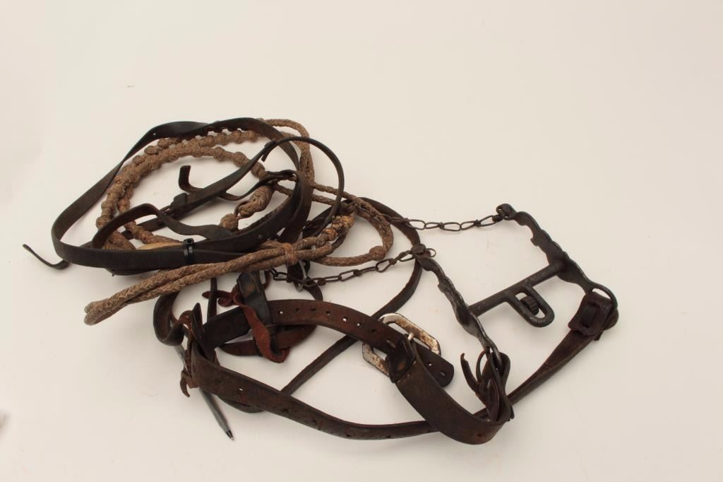 Hummingbird bit with old silver plated over iron with old leather headstall and reins; turn-of-century mid-to-Northern California or Santa Barbara-style. Est.: $150-$300.
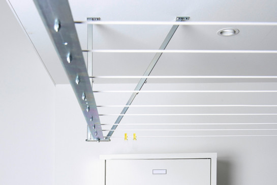 Das Wäscheleinen-System von LUNOR sorgt für eine saubere und übersichtliche Wäschetrocknung in Ihrer Waschküche. Die Montage kann direkt an die Wand oder mittels Teleskopträger von der Raumdecke erfolgen. Für die ideale Ergänzung im Waschraum empfehlen wir Ihnen «Die kleine Leine». Auf Arbeitshöhe montiert trocken Sie dort Kleinwäsche wie Socken oder Unterwäsche.
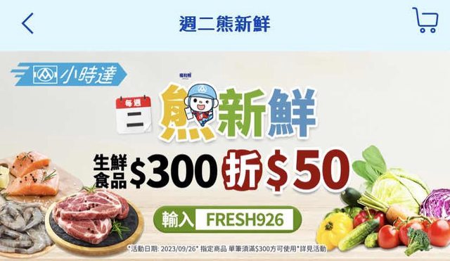 活動名稱:小時達 週二熊新鮮
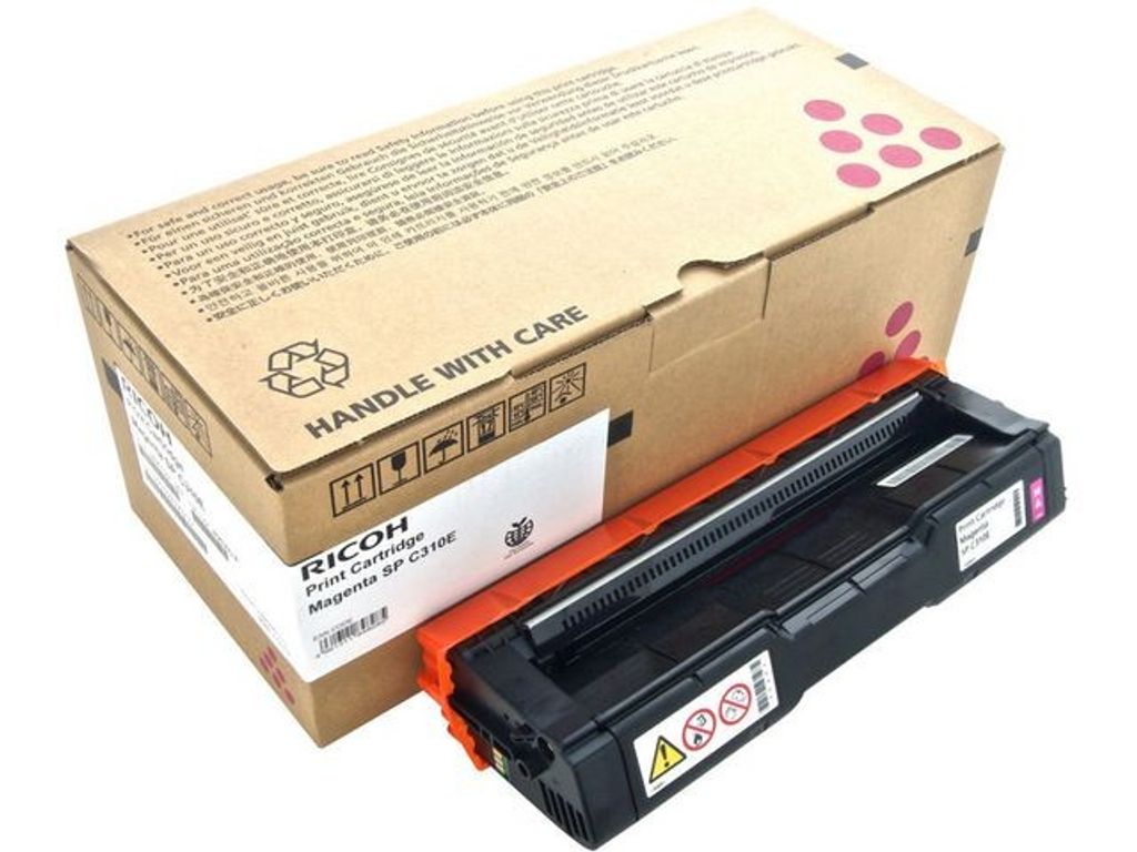 Fyll på skrivaren med tonern Ricoh C310E för att säkerställa tydliga och professionella resultat. Fyll på skrivaren med tonern Ricoh för att säkerställa tydliga och professionella resultat. Den här bläckpatronen innehåller magentafärgad toner och har en kapacitet på 2 000 sidor med 5 % täckning. - Färg: magenta - Kapacitet på 2 000 sidor - Sidkapacitetstäckning: 5 % - Kompatibel med: Aficio SP C220N, SP C220S, SP C221N, SP C221SF, SP C222DN, SP C222SF, SP C240
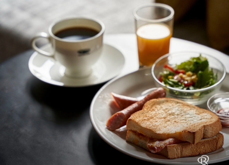 早上从咖啡馆的早餐开始享用一杯美味咖啡。
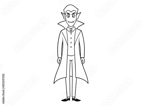 Black outline of vampire character isolated on white background. Concept of Halloween, Dracula, spooky figure, minimalist style, fantasy creature. Print, icon, design element, coloring page
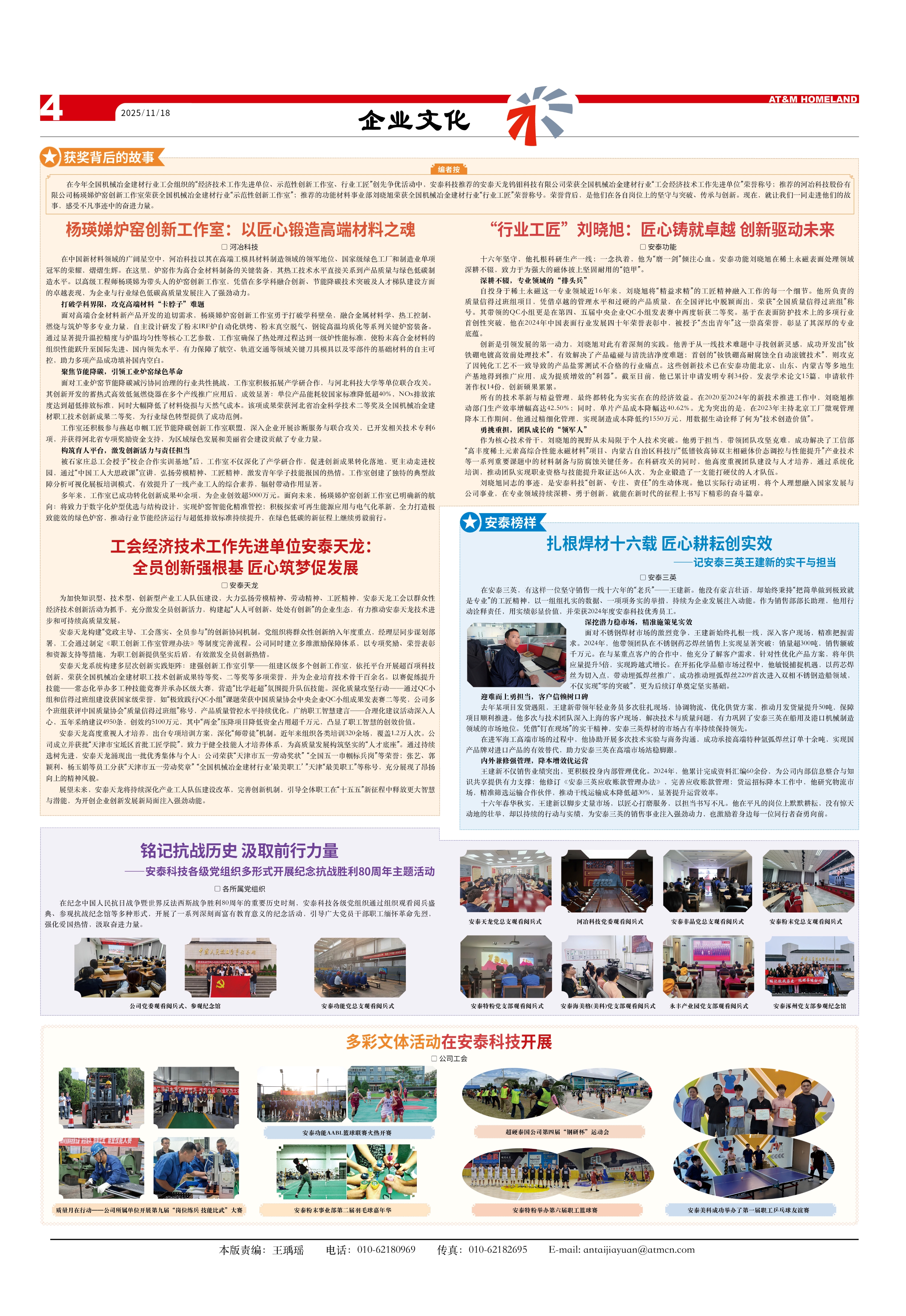 在今年全國(guó)機(jī)械冶金建材行業(yè)工會(huì)組織的“經(jīng)濟(jì)技術(shù)工作先進(jìn)單位、示范性創(chuàng)新工作室、行業(yè)工匠”創(chuàng)先爭(zhēng)優(yōu)活動(dòng)中,安泰科技推薦的安泰天龍鎢鉬科技有限公司榮獲全國(guó)機(jī)械冶金建材行業(yè)“工會(huì)經(jīng)濟(jì)技術(shù)工作先進(jìn)單位”榮譽(yù)稱號(hào);推薦的河冶科技股份有限公司楊瑛娣爐窯創(chuàng)新工作室榮獲全國(guó)機(jī)械冶金建材行業(yè)“示范性創(chuàng)新工作室”;推薦的功能材料事業(yè)部劉曉旭榮獲全國(guó)機(jī)械冶金建材行業(yè)“行業(yè)工匠”榮譽(yù)稱號(hào)。榮譽(yù)背后,是他們?cè)诟髯詬徫簧系膱?jiān)守與突破、傳承與創(chuàng)新。現(xiàn)在,就讓我們一同走進(jìn)他們的故事,感受不凡事跡中的奮進(jìn)力量。
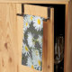 Modern decorative kitchen towel with sunny daisies on dark grey background.

• _TASK REQUIREMENTS_
Set the preceding data down again word for word, omitting images.

• _TASK RESULT_
 Hummingbird bit with old silver plated over iron with old leather headstall and reins; turn-of-century mid-to-Northern California or Santa Barbara-style. Est.: $150-$300.
 Das Wäscheleinen-System von LUNOR sorgt für eine saubere und übersichtliche Wäschetrocknung in Ihrer Waschküche. Die Montage kann direkt an die Wand oder mittels Teleskopträger von der Raumdecke erfolgen. Für die ideale Ergänzung im Waschraum empfehlen wir Ihnen «Die kleine Leine». Auf Arbeitshöhe montiert trocken Sie dort Kleinwäsche wie Socken oder Unterwäsche.
 活動名稱:小時達 週二熊新鮮
 Fyll på skrivaren med tonern Ricoh C310E för att säkerställa tydliga och professionella resultat. Fyll på skrivaren med tonern Ricoh för att säkerställa tydliga och professionella resultat. Den här bläckpatronen innehåller magentafärgad toner och har en kapacitet på 2 000 sidor med 5 % täckning. - Färg: magenta - Kapacitet på 2 000 sidor - Sidkapacitetstäckning: 5 % - Kompatibel med: Aficio SP C220N, SP C220S, SP C221N, SP C221SF, SP C222DN, SP C222SF, SP C240
 早上从咖啡馆的早餐开始享用一杯美味咖啡。
 Black outline of vampire character isolated on white background. Concept of Halloween, Dracula, spooky figure, minimalist style, fantasy creature. Print, icon, design element, coloring page
 在今年全國(guó)機(jī)械冶金建材行業(yè)工會(huì)組織的“經(jīng)濟(jì)技術(shù)工作先進(jìn)單位、示范性創(chuàng)新工作室、行業(yè)工匠”創(chuàng)先爭(zhēng)優(yōu)活動(dòng)中,安泰科技推薦的安泰天龍鎢鉬科技有限公司榮獲全國(guó)機(jī)械冶金建材行業(yè)“工會(huì)經(jīng)濟(jì)技術(shù)工作先進(jìn)單位”榮譽(yù)稱號(hào);推薦的河冶科技股份有限公司楊瑛娣爐窯創(chuàng)新工作室榮獲全國(guó)機(jī)械冶金建材行業(yè)“示范性創(chuàng)新工作室”;推薦的功能材料事業(yè)部劉曉旭榮獲全國(guó)機(jī)械冶金建材行業(yè)“行業(yè)工匠”榮譽(yù)稱號(hào)。榮譽(yù)背后,是他們?cè)诟髯詬徫簧系膱?jiān)守與突破、傳承與創(chuàng)新。現(xiàn)在,就讓我們一同走進(jìn)他們的故事,感受不凡事跡中的奮進(jìn)力量。
 Modern decorative kitchen towel with sunny daisies on dark grey background.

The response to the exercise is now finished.